I think that the problem is due to a previous volume that I had in Petasan that used to have the same IP address as the volume that I'm having issues with right now. To try to identify my theory I planned to change the IP address of the iSCSI disk.
For this, I disconnected the volume in VMware, but when I tried to stop the iSCSI disk on Petasan it stayed in a "stopping" stage.
How can I force the system to stop the Disk?

ceph status and consul status below. Thank you for the help

# ceph -s
cluster:
id: 2f13efd3-d9f0-4260-be33-e626cf23d8c3
health: HEALTH_OK

services:
mon: 3 daemons, quorum us-petasan-05,us-petasan-04,us-petasan-06 (age 2d)
mgr: us-petasan-05(active, since 2d), standbys: us-petasan-04, us-petasan-06
osd: 127 osds: 127 up (since 2h), 127 in (since 2w)

data:
pools: 4 pools, 2337 pgs
objects: 8.78M objects, 33 TiB
usage: 130 TiB used, 647 TiB / 777 TiB avail
pgs: 2337 active+clean

io:
client: 8.0 MiB/s rd, 32 MiB/s wr, 650 op/s rd, 1.42k op/s wr

# consul members
Node Address Status Type Build Protocol DC Segment
us-petasan-04 10.5.2.4:8301 alive server 1.5.2 2 petasan <all>
us-petasan-05 10.5.2.5:8301 alive server 1.5.2 2 petasan <all>
us-petasan-06 10.5.2.6:8301 alive server 1.5.2 2 petasan <all>
us-petasan-03 10.5.2.3:8301 alive client 1.5.2 2 petasan <default>

I forgot to add. The cluster is running version 3.2.1

You can stop disk for command line, for disk 00001

consul kv delete -recurse  PetaSAN/Disks/00001

Are you using 3.2.1 or 3.2.0 as your other post ?

 

Hi, I'm using 3.2.1. In my other post just tried to reference that the issue has also been seen since version 3.2.0.

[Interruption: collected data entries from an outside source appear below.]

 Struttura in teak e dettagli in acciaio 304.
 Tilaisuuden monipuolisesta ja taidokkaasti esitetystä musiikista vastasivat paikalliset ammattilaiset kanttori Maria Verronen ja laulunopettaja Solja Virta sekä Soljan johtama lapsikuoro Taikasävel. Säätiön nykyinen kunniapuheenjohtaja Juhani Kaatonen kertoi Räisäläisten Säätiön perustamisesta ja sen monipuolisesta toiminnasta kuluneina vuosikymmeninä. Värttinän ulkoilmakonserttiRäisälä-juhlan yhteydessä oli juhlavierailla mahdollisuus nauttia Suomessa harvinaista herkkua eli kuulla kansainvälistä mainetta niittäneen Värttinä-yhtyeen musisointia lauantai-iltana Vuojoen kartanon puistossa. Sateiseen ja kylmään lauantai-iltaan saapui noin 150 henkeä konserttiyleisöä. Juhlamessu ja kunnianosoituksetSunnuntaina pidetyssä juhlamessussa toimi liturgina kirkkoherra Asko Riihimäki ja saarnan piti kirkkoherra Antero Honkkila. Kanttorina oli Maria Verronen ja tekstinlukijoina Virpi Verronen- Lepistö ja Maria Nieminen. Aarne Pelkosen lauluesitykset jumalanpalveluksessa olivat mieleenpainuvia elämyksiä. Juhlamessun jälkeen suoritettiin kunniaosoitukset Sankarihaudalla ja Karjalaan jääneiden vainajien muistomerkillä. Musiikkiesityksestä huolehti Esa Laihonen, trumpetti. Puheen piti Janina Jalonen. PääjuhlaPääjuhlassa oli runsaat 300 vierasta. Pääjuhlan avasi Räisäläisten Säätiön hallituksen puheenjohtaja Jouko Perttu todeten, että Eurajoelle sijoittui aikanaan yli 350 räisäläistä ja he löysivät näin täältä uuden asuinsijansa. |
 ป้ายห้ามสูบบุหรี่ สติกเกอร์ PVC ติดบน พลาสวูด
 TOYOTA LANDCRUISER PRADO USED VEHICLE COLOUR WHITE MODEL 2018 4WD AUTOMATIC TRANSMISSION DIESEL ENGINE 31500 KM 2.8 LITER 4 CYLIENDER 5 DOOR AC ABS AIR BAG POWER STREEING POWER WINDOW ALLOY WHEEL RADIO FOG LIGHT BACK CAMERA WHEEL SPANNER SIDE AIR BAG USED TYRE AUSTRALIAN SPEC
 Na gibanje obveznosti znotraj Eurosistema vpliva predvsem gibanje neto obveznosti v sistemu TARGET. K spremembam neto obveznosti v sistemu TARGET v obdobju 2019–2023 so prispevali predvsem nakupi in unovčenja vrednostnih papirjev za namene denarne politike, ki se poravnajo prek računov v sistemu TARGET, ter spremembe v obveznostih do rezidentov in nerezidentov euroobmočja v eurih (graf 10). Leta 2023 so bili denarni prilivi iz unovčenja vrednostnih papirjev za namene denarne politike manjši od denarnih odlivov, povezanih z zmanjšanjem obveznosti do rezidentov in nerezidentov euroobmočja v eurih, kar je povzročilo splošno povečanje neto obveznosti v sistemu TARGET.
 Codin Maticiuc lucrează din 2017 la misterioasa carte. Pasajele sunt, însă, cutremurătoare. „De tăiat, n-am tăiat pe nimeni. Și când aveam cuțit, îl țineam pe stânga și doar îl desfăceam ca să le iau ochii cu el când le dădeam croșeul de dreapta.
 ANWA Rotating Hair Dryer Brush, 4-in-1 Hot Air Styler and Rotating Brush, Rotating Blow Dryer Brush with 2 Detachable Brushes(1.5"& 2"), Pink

Thank you for the command after executing I see the GUI with the disk stopped.

Well, I'm not sure if something else is going on with the Cluster, I detached the iSCSI disk after having completely stopped the Disk.

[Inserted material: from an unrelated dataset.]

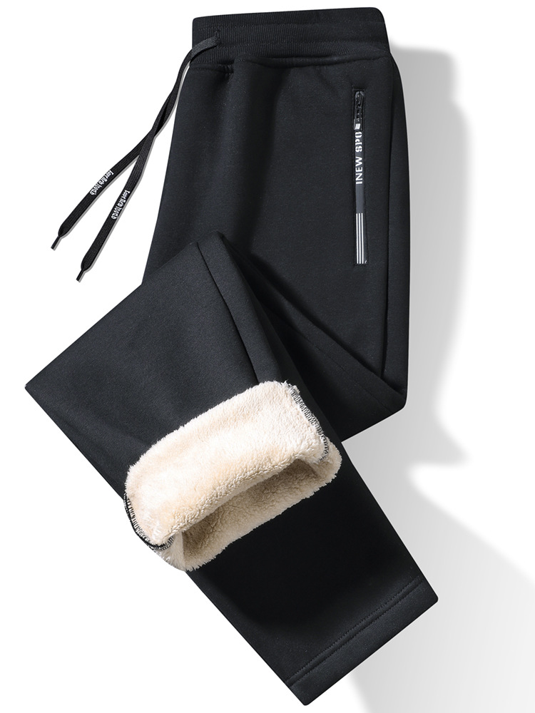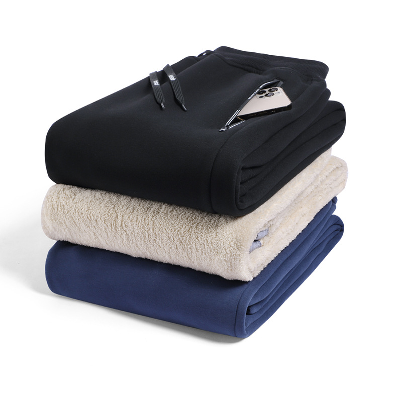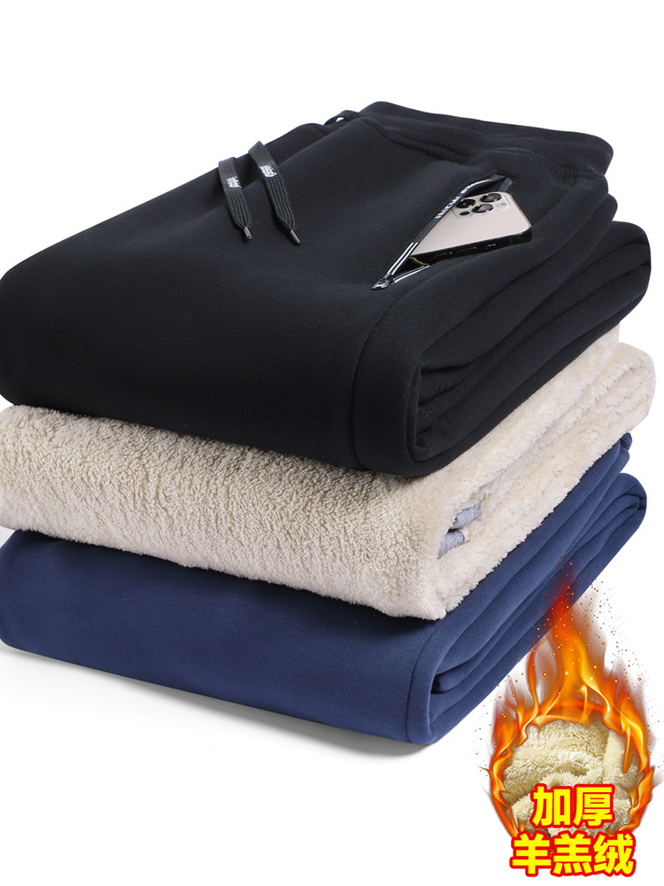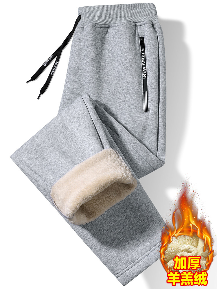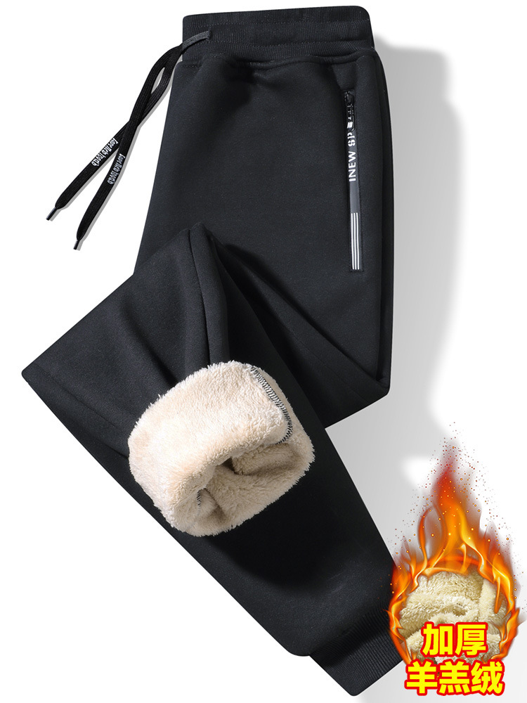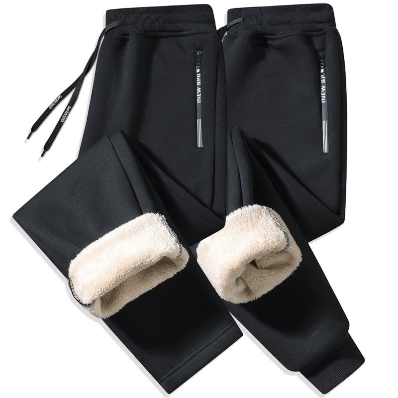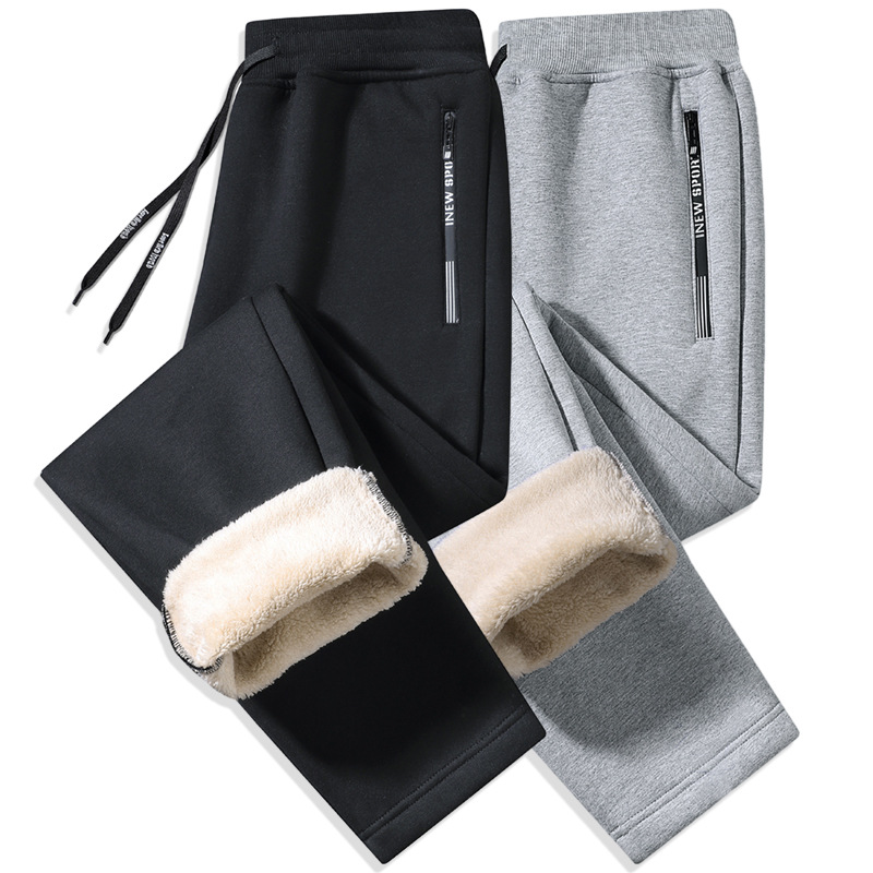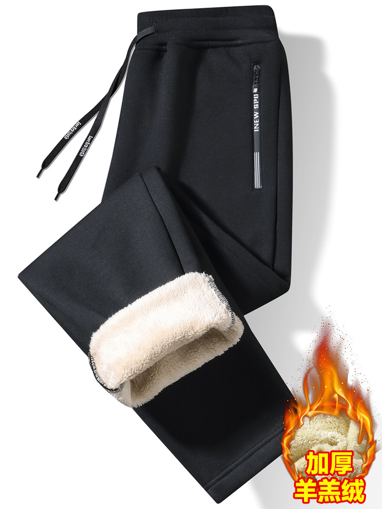 Кросс-бодер толстые флисовые спортивные штаны с подкладкой из овечьей шерсти, прямые брюки с манжетами, модные повседневные спортивные штаны

I configured the new IP address for the iSCSI Disk and then hit start and the disk is now in the "Starting stage".

It is 10 minutes now and the state is the same.

The only logs that I'm seeing after hitting start on the disk are the following:

22/08/2023 06:25:22 INFO GlusterFS mount attempt

23/08/2023 06:25:25 INFO GlusterFS mount attempt

do you see errors in log files on any of your nodes ?

I executed the command "consul kv delete -recurse PetaSAN/Disks/00019" once again to stop the iSCSI disk and after that, I noted the following messages in the Petsan logs.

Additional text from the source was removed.